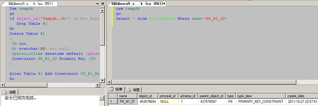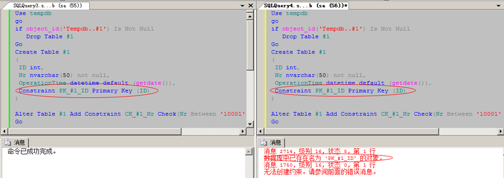 左边的查询窗口,是执行原先的<代码S1.>,右边的查询窗口,是后执行相同的<代码S1.>。在这里,我们注意红色圈圈部分,发现在创建临时表#1的过程,明确给了一个主键名称“PK_#1_ID”,当右边再创建相同临时表#1的时候就发生了对象重复错误问题。我们也可以通过SQL Server提供的系统视图sys.objects查询约束“PK_#1_ID”的信息,
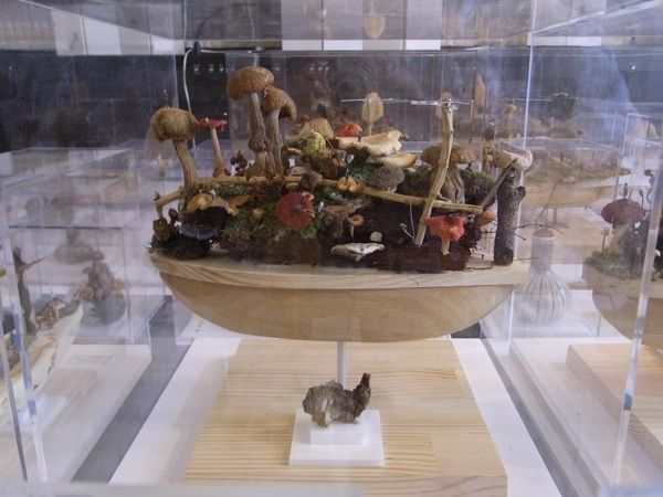 船の形をした土台に乾燥した様々な茸と粘菌、そして米粒サイズの人型で構成された、ジオラマのような作品。聞いた所によると、茸はもう乾燥しきっているのでどうにもならないが、粘菌は水を与えられればまた活動を開始するだろうとのこと。生命力(?)強いんですねぇ。
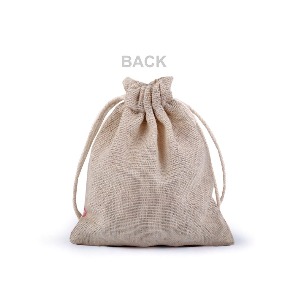 Lněný pytlík zdobí z jedné strany potisk stylizovaných květů. Je kvalitní a pevný, snadno se uzavírá pomocí dvou stahovacích bavlněných šňůrek. Využijete ho celoročně k balení menších dárků, k balení velikonoční výslužky pro koledníky i k jarnímu aranžování.
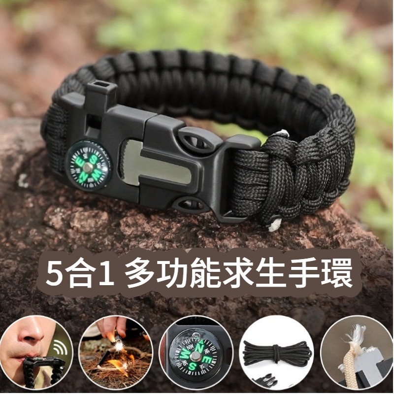 戰術野外求生手鍊 求生傘繩手環 傘繩編織款 野外登山戰術傘繩 打火棒 求生哨 指南針 打火刀 野外求生手鍊
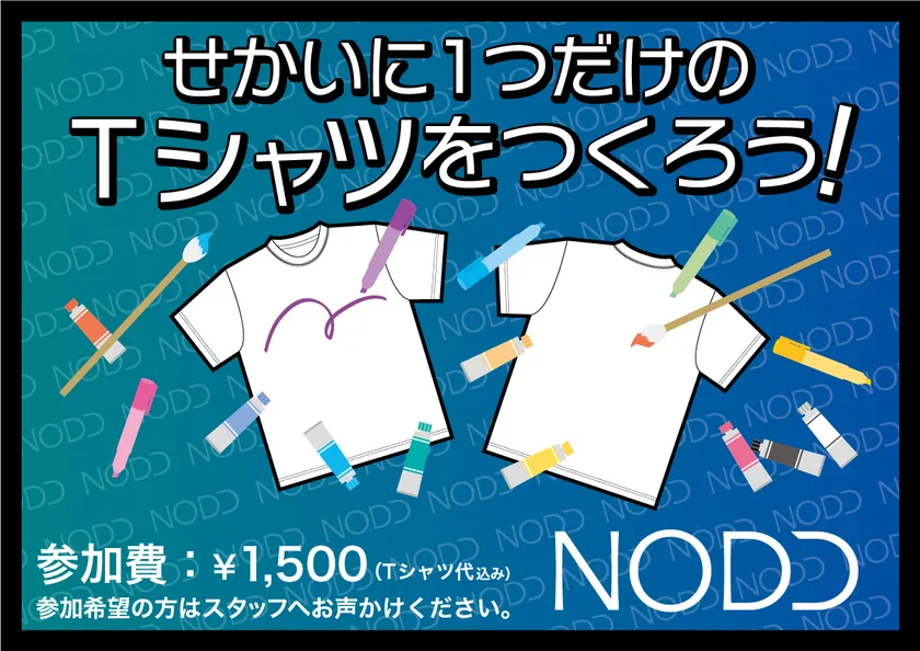 NODDとしましては、幼児から遊べる、Tシャツに自由に絵を書いてアートを体感できるオリジナルワークショップを開催。楽しめる空間作りをしていくほか、フェスで人気のTシャツ・フェイスタオル・キャップ等を、NODDブランドアイテムの中から販売します。
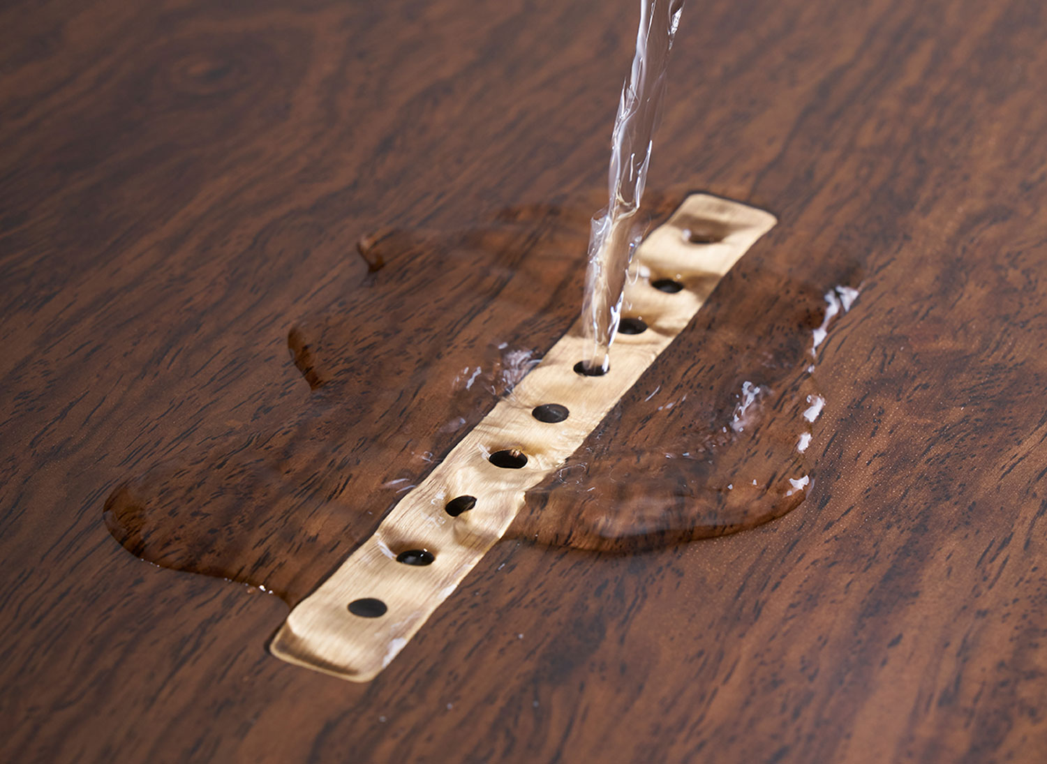 盘面排水口位于正中央,九孔如九星连珠,金光熠熠,且足够多的排水孔让盘面排水更迅速。侧面排水口则将金属铜内嵌于实木之内,可连接排水管,耐用且美观。
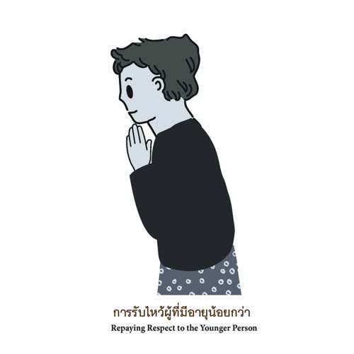 | คำอธิบาย : การรับไหว้ผู้ที่มีอายุน้อยกว่า ประนมมือแล้วยกขึ้นเล็กน้อย ก้มศีรษะเล็กน้อย ให้มือชิดอยู่ที่หน้าอก ปลายนิ้วชี้อาจอยู่ที่ปลายคาง |
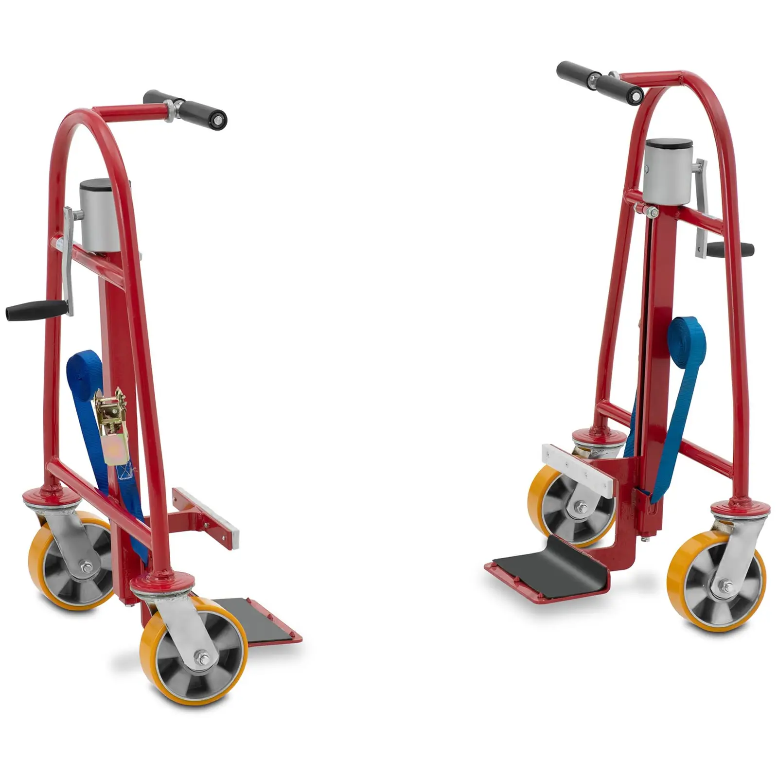 Huonekalujen kuljetus, nosto ja siirtäminen – siirtorullat tekevät raskaidenkin kuormien liikuttelusta vaivatonta. Steinberg Systemsin käytännöllinen nostojärjestelmä on loistava apuväline myös yksin työskennellessä. Tämän takaavat yksinkertainen käyttö ja tarkkaan harkittu muotoilu. Käytä huonekalujen kuljetusvaunua, kun haluat siirtää raskaita ja suurikokoisia kuormia. Nostaaksesi huonekalut, siirrä vain molemmat vaunut lieden, kaapin tai muun siirrettävän tavaran molemmille puolille ja aseta 22. 5 x 11. 5 cm:n kokoiset alustat sen alle. Kiinnityshihnat auttavat sinua kuljettamaan tavarat turvallisesti. Siirtorullilla voit nostaa huonekalut 330 mm:n korkeuteen. Liukumattomat lastausalustat pitävät kuorman tukevasti kyydissä. Kun olet kiinnittänyt siirrettävän huonekalun oikein, voit rullata sen kevyesti haluamaasi paikkaan. 150 mm suurten pyörien ansiosta voit liikuttaa kuormaa vaivattomasti. Huonekalunostimen tangot on valmistettu tukevasta terkäsestä, joka tekee siitä erittäin kestävän.
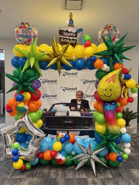 Traditional Balloon Columns with Jumbo Toppers for the boss's surprise birthday party at Gentell in Yardley. $190 for two.
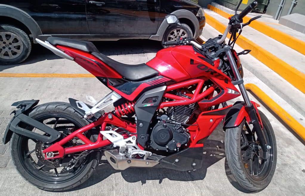 Después de identificarse con el conductor, quien decía tener mucha prisa, le pidieron sus documentos, pues él decía ser el propietario; su respuesta fue que no los traía consigo, ni la licencia de conducir, ni la tarjeta de circulación y la motocicleta marca Vort -X, color rojo, sin placa.
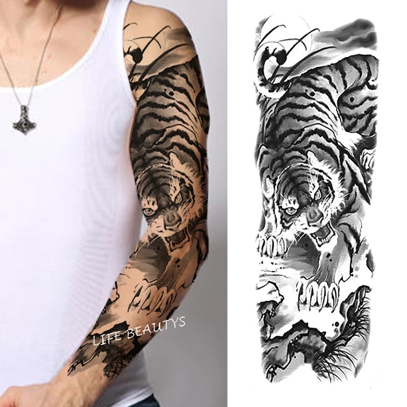 Qfdian Waterproof Full Arm Temporary Tattoo Sticker Tiger Lion Wolf Eye For Man Women Body Art Sleeve Flash Fake Shoulder Tatoo
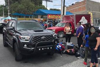 San Luis Potosí, SLP.- La tarde de lunes se registró un percance automovilístico en el que participaron una camioneta y una motocicleta, dejando como saldo dos personas lesionadas de consideración.
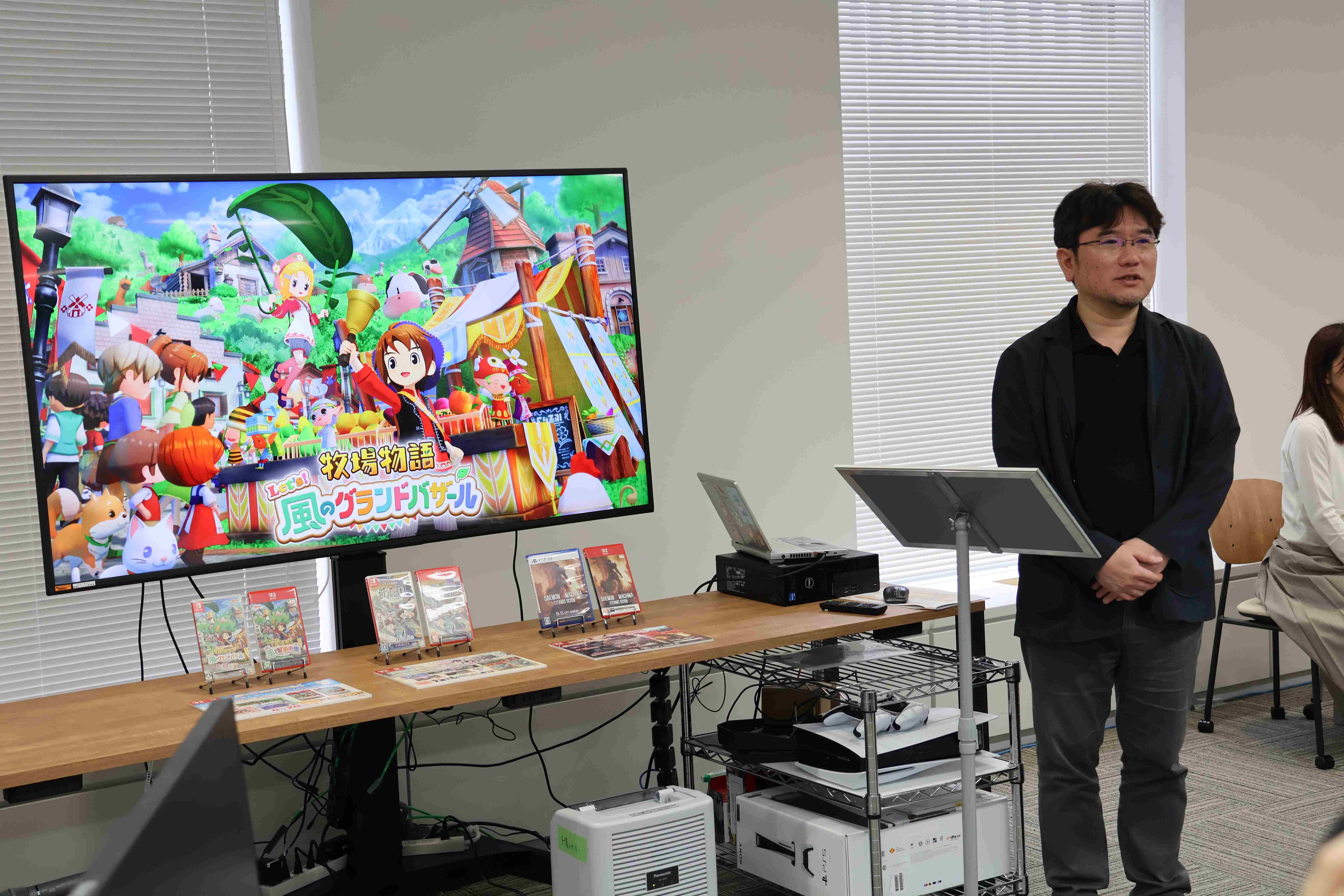 三款游戏的制作人与总监全部到场,并分别有一位向我们介绍了游戏的主要玩法。《符文工房》总监前川司郎,《牧场物语》制作人中野魅,《机甲战魔》制作人佃田健一郎登台解说。每款游戏均提供90分钟的超长体验时间,体验平台为Switch(《符文工房》《牧场物语》)和PC(《牧场物语》《机甲战魔》),我们也会在后续分享这些游戏的游玩体验。

════════

- **Task**: Your answer must be the exact lines from the records above, from the one containing "船の形をした土台に乾燥した様" through the one containing "ให้มือชิดอยู่ที่หน้าอก ปลายนิ้วชี้อาจอยู่ที่ปลายคาง |", both included, with every picture left out.

- **Completed task**:
 船の形をした土台に乾燥した様々な茸と粘菌、そして米粒サイズの人型で構成された、ジオラマのような作品。聞いた所によると、茸はもう乾燥しきっているのでどうにもならないが、粘菌は水を与えられればまた活動を開始するだろうとのこと。生命力(?)強いんですねぇ。
 Lněný pytlík zdobí z jedné strany potisk stylizovaných květů. Je kvalitní a pevný, snadno se uzavírá pomocí dvou stahovacích bavlněných šňůrek. Využijete ho celoročně k balení menších dárků, k balení velikonoční výslužky pro koledníky i k jarnímu aranžování.
 戰術野外求生手鍊 求生傘繩手環 傘繩編織款 野外登山戰術傘繩 打火棒 求生哨 指南針 打火刀 野外求生手鍊
 NODDとしましては、幼児から遊べる、Tシャツに自由に絵を書いてアートを体感できるオリジナルワークショップを開催。楽しめる空間作りをしていくほか、フェスで人気のTシャツ・フェイスタオル・キャップ等を、NODDブランドアイテムの中から販売します。
 盘面排水口位于正中央,九孔如九星连珠,金光熠熠,且足够多的排水孔让盘面排水更迅速。侧面排水口则将金属铜内嵌于实木之内,可连接排水管,耐用且美观。
 | คำอธิบาย : การรับไหว้ผู้ที่มีอายุน้อยกว่า ประนมมือแล้วยกขึ้นเล็กน้อย ก้มศีรษะเล็กน้อย ให้มือชิดอยู่ที่หน้าอก ปลายนิ้วชี้อาจอยู่ที่ปลายคาง |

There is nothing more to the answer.